The SMART technology system for the Surplus Lines Stamping Office of Texas took on another $2.6 million commitment for 2021, bringing the total expected project costs over $10.1 million before the system is fully implemented and SLTX staff fully prepared to take over operations of the enhanced electronic filing and data management system. The additional costs were reviewed during the Dec. 10 virtual meeting of the SLTX board.

The newest statement of work (SOW) authorized by the board for work to be done next year includes a monthly payable to Headspring, LLC, of $27,500 for program management along with development to be billed at an additional $195 per hour. Not included in this estimate are training, system modifications or additional features that may result from legislative changes, other external stakeholder requirements or significant bug fixes, all of which may also result in additional costs to SLTX. All board members present voted in favor of the proposed SOW.

 

Under a separate SOW for 2021, knowledge transfer and training were capped at $100,000 and expected to be completed in six months. This is in addition to the $40,000 approved for training in 2020.

The SMART project expense recap report to the board included Headspring billables of $123,830 in October and $198,269 in November, leaving $258,225 available under the previously approved 2020 SOW and amendment. The itemized SMART project expense report that SLTX prepared for the board included $58,451 for policy audits, all of which were worked and billed in October and November.

Donna Aug, SLTX’s director of finance, provided the board a year-to-date report on the budget, as of the end of October. During the first 10 months of 2020, stamping fee revenue exceeded the amount budgeted for fee revenue by 22 percent. Budgeted at $8.1 million, the actual collections were $9.9 million. Total expenses for the same time period came in at $3.6 million, $1.3 million less than the budgeted amount of $4.9 million, or below budget by 26 percent. Collections generated $3.1 million more excess revenue than SLTX had budgeted. SLTX had budgeted $3.6 million excess revenue for the first 10 months of 2020 and collected $6.7 million in excess revenue. The increase in excess revenue is 86 percent more than budgeted, leading to a restricted fund balance that is more than $18.9 million over the amount allowed by SLTX’s Plan of Operation.

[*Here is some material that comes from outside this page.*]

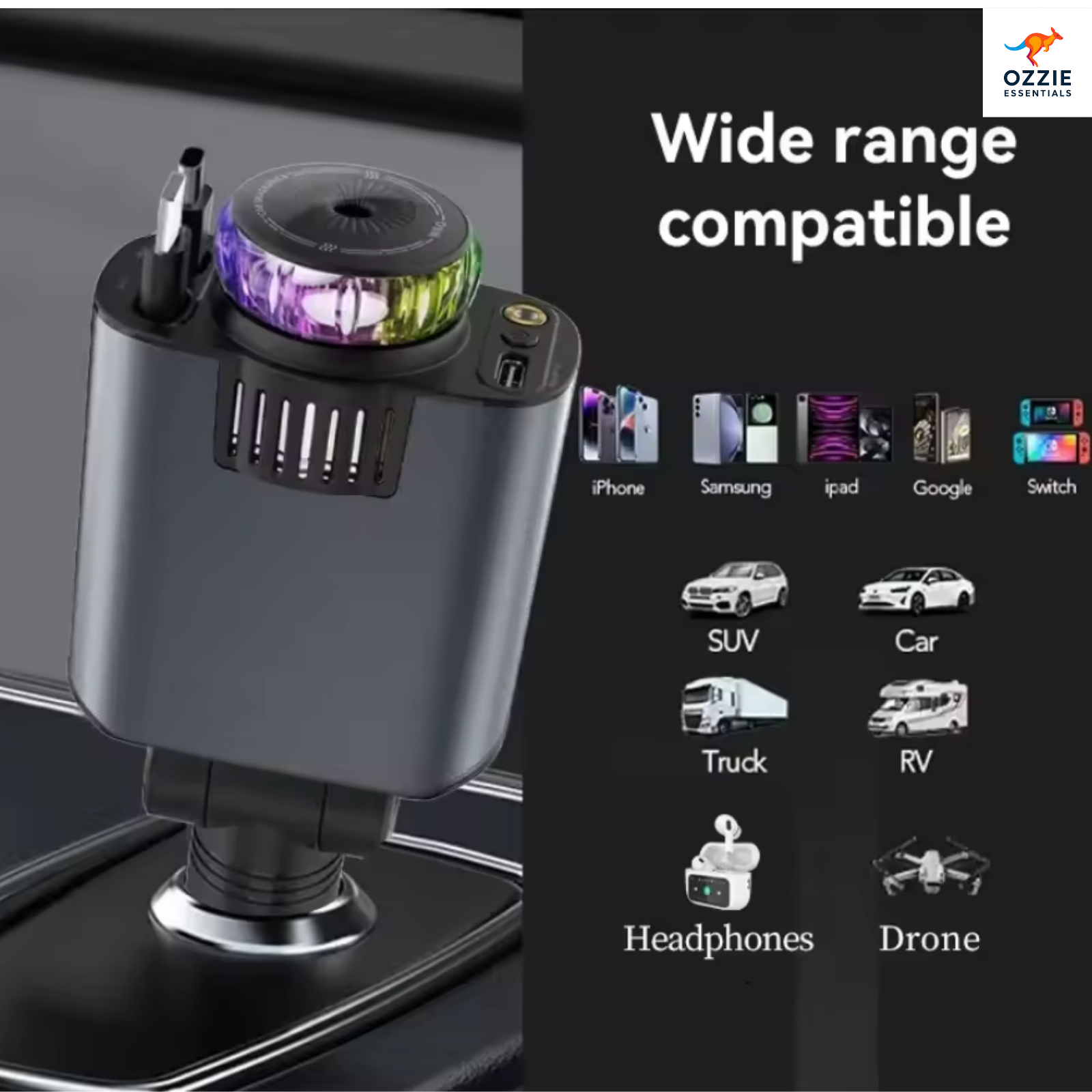 π« Charge faster, breathe fresher, and cruise in style β all with one smart car charger!
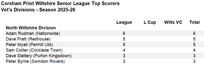 There were four games played in the Mid Wiltshire Veterans’ Division with both Devizes Town and Durrington maintaining their lead at the top of the table with victories. Durrington won 1-0 away at Calne Town whilst Devizes Town were comfortable 5-0 winners against Barford Hornets thanks to a hat-trick from Chris Allen and further goals from Daniel Sloan and Jonathan Scott to maintain their 100% winning start to the season. With four sides engaged in County Cup games next week Devizes will meet Barford Hornets again in the return league fixture next Friday.

Executive Director Greg Brandon recapped the premium reported and item count to the board, with premium setting a year-to-date record by Nov. 30 of $7.2 billion. Item count, which Brandon said is a measure of staff workload, was down slightly from last year. Stamping fee collections exceeded $10.8 million by the end of November. Brandon noted that the higher premium volume also reflects a higher tax collection for the state of Texas.

Following a review of options quoted by PLUS for SLTX’s cyber liability insurance, the board voted to authorize Brandon to negotiate for 10 months of coverage, so all of SLTX’s property and casualty policies will renew in October in the future. The board authorized Brandon to purchase $5 million in cyber liability cover, with a $5,000 retention for a cost up to $10,000. The current policy, which carries a $1 million limit and $5,000 retention, expires in January; it was offered for a renewal premium of $4,588. Other options were offered by HSB and Lloyd’s. 

Board members Buddy Gillenwater and Penni Nelson, both risk managers, recommended that SLTX buy higher limits than the association currently carries.

Brandon told the board that TDI has named Patty Otto to replace Moya McKenna as TDI’s staff contact for the stamping office. He recapped the 2020 accomplishments of staff and identified operational goals for 2021.

In other actions, the board adopted three committee charters that have been approved by the Texas Department of Insurance, all of which require that the meetings of the committees be subject to notice requirements of the Texas Open Meetings Act and the Texas Public Information Act. The charters require the keeping of minutes of the committee meetings. The board chairman is an ex-officio member of all committees.

Board chairperson Rosemarie Marshall appointed members to each of the committees, requesting that each elect a committee chairman. Teri Brinson, LP Risk; Randy Myers, AXA XL/XL Reinsurance; and Kori Johanson, IFG Companies, were appointed to the Plan of Operation Committee. If the committee has recommended changes to the current Plan of Operation, any amendments must be presented during the annual meeting of the board, which is the first that will occur next year. Each member will serve a one year term.

Named to the Board of Director Training and Orientation Committee were Lorrie Cheshier, Worldwide Facilities, MHI-MGA Division; Peter Harrison, Department of Homeland Security, and Nelson, Hillwood Development Group. Cheshier and Harrison were appointed for one-year terms and Nelson for a two-year term.

The Bidding and Procurement Committee is one that serves ad hoc and shall be appointed as needed. Members shall serve until the completion of a specific goal, but no longer than one year. Initially, the committee will oversee the development of a procurement policy for the stamping office. Afterward, members will oversee the procurement process for vendor services and products and, when required, a competitive bidding process. Marshall appointed Leslie Milvo, risk manager, City of Austin, and Gillenwater, risk manager, City of Mesquite, to this committee.